We present an R package that contains a new class, called TreeMan, for representing the phylogenetic tree. This class has a list structure allowing phylogenetic trees to be manipulated more efficiently. Computational running times are reduced because of the ready ability to vectorise and parallelise methods. Development is also improved due to fewer lines of code being required for performing manipulation processes.

Conclusions

We present three use cases—pinning missing taxa to a supertree, simulating evolution with a tree-growth model and detecting significant phylogenetic turnover—that demonstrate the new package’s speed and simplicity.

Electronic supplementary material

The online version of this article (doi:10.1186/s13104-016-2340-8) contains supplementary material, which is available to authorized users.

Background

Phylogenetic trees have been a mainstay of the R statistical software environment since the release of Emmanuel Paradis’ APE package in 2002 [1, 2]. This package introduced the phylo object, an S3 class for the presentation and manipulation of phylogenetic tree data in the R environment. In its most basic implementation, the phylo object contains a list of three elements: an edge matrix, a vector of tip labels and an integer of the number of internal nodes. The use of an edge matrix facilitates phylogenetically structured statistical analyses because of its convenience for generating distance, cophenetic or covariance matrices.
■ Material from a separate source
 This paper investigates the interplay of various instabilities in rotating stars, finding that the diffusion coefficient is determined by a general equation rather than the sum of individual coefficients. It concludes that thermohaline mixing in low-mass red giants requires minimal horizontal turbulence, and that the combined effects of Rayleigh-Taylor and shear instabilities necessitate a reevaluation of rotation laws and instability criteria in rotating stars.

For this reason the APE package’s phylo is the dominant class for phylogenetic tree representation in R and is used by many well-known phylogenetic R packages (e.g. phangorn [3], phytools [4]). Since phylo’s first incarnation the number of available functions in the APE package has risen from 28 to 171 (versions 0.1–3.4), and to date there are 147 reverse dependencies, i.e. packages on CRAN [1] that depend on the phylo class. More recently, the phylo class has been updated to S4 as part of the phylobase package [5].

An edge matrix, however, leads to a dependence on index referencing, leading to certain computational scenarios in which the phylo object performs poorly: in particular, analyses that require the manipulation of the tree itself (i.e. tip and node addition/deletion). Such analyses include simulating, comparing, pruning, and merging trees, and calculating phylogenetic statistics such as measures of phylogenetic richness [6] and evolutionary distinctness [7]. These have become the preserve of software solutions external to R, e.g. [8, 9], hindering their integration with the many packages in biomolecular, evolutionary and ecological studies already available for R. Although there are alternatives to the phylo class for phylogenetics or more generally ‘networks’ available in R [10], these packages and classes are rarely used for phylogenetics and may lack the intuitive functional framework for manipulating evolutionary trees.
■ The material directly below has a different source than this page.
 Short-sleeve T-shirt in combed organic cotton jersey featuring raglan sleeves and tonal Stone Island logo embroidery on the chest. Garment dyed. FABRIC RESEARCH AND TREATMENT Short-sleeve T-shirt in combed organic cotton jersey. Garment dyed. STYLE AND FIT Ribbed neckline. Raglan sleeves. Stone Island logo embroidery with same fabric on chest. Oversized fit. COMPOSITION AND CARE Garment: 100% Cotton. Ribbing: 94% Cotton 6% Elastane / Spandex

Here we present the new phylogenetic tree manipulation class ‘TreeMan’ (see Fig. 1 for an overview); this is presented as the R package ‘treeman’ (N.B. the package name is all lowercase). This class is built around a list of named nodes rather than an index-based edge matrix as is the case for the phylo class. Using an edge matrix, whenever a node is added or removed the new positions of all nodes in the matrix must be determined and the tree must be re-computed. With a node list, however, order does not matter; nodes can be added and removed without altering the entire tree structure. Manipulations are also less dependent on tree size because all that is required is to update the local nodes: those that directly descend or ascend from the new node, converting that scale of computation time from O(N2) to O(N) (see Fig. 2 for a comparison of growing a tree with the phylo and TreeMan classes). Furthermore, with a node list the nodes in the tree can have unique IDs, which persist after insertions or deletions, allowing elements in a tree (such as node labels) to be more easily tracked during analysis. The subsequent sections of the paper describe the overall structure of the new class, describe treeman’s naming convention, and provide examples of tree manipulations that use the new package. The aims of treeman are to be conceptually intuitive for tree manipulation and as computationally efficient as possible within the R environment.

Fig. 1

Representation of simple tree as TreeMan object: an eight-tipped tree with node and tip IDs annotated and N2′s key slots identified, b representation of printed Node information for N2, c representation of printed TreeMan information

Fig. 2
Comparison of tree building using APE’s phylo and treeman’s TreeMan classes. Starting with trees of two tips, 1000 new tips were added to the trees and the time taken to run the process was recorded every ten tips. The rate of increase in time taken for larger trees increases faster for the phylo class than TreeMan

Implementation

The TreeMan object in R is an S4 formal class whose main data slot is a list—which in R is a vector whose elements can be named. All nodes in a TreeMan object are named elements in this list (ndlst). Each node usually contains the following data slots: the node ID (id), the length of the preceding edge (spn, for “span”), the IDs of all connecting ascending/ancestral nodes to root (pre-node IDs, prid), the IDs of the immediately descending nodes (post-node IDs, ptid), and the IDs of all descending tips (kids). Additionally, if all nodes in a tree contain the spn slot, then each node will also contain: the total edge length of all descending nodes (phylogenetic diversity, pd), total edge length of all connected pre-nodes (prdst; in a rooted tree this is the root-to-tip distance), and the relative distance of the node in the tree (age, for a time-calibrated rooted tree). All nodes must have either a prid and/or ptid data slots: tip nodes have only prid slots, root nodes have only ptid slots, and internal nodes have both. These slots must contain IDs that are found within the ndlst; if they do not, an error is raised. These core slots are supplemented by optional slots, a non-unique taxonomic name that can be used to generate lineages (txnym) and user-defined slots that can contain any kind of information. In addition to the ndlst, the TreeMan object contains informative slots that are generated upon reading or generating the tree, and are updated whenever modified. Basic tree information can be seen by printing the tree to console.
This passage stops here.